→ **Extracted information**:
═══
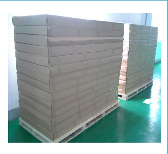
2 pieces/carton, Package size: 1490×600×70mm Package weight: 18.6KG
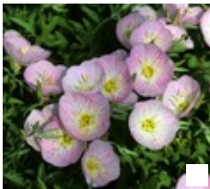
Pink Evening Primrose
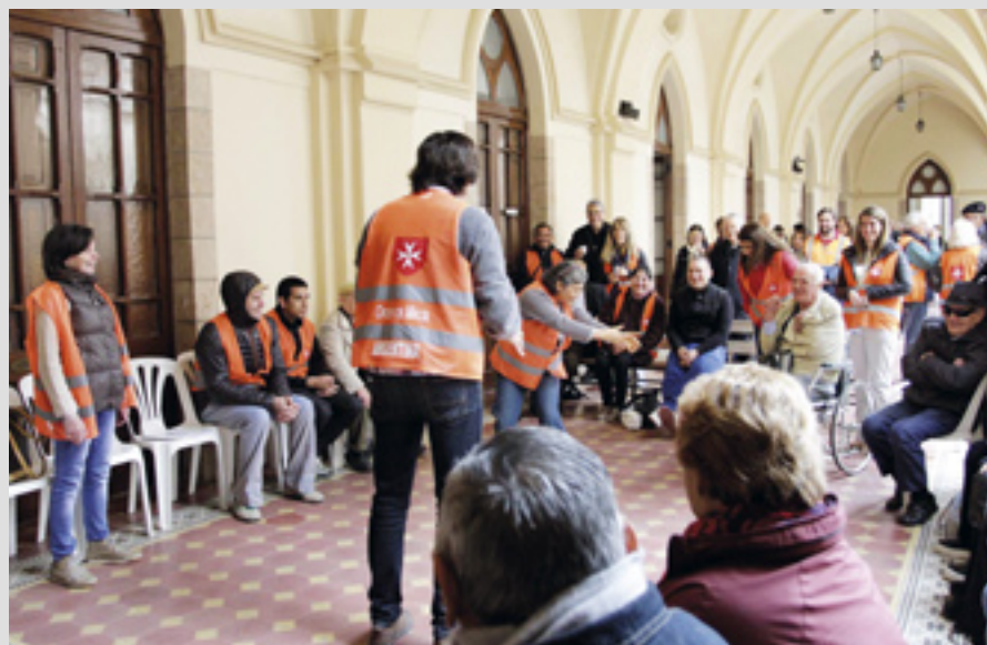
▲ Argentina - Activities and games participation help cheer disabled guests
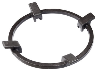
Cast iron wok support 9601 727
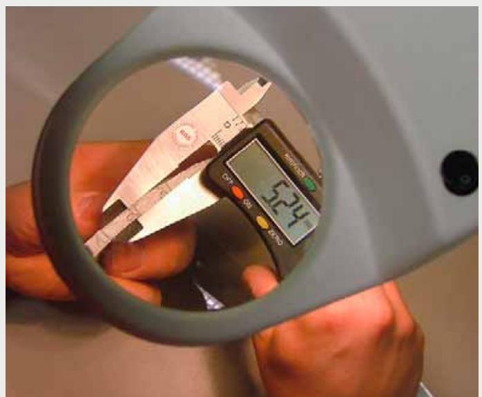
Figure 3: Measurement of liner-wall thickness
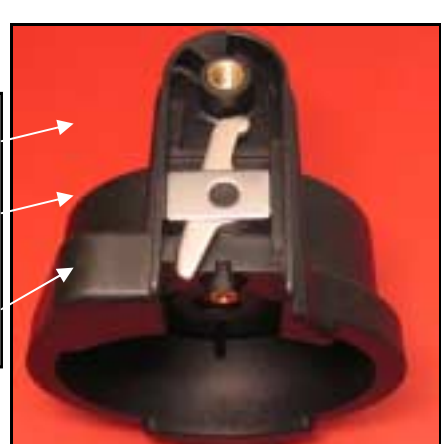
Figure D: New rotor with upgraded parts
═══
→ **Your assignment**:
Using the listing above, show every line that includes the string "Figure".

→ **Response to the exercise**:
Figure 3: Measurement of liner-wall thickness
Figure D: New rotor with upgraded parts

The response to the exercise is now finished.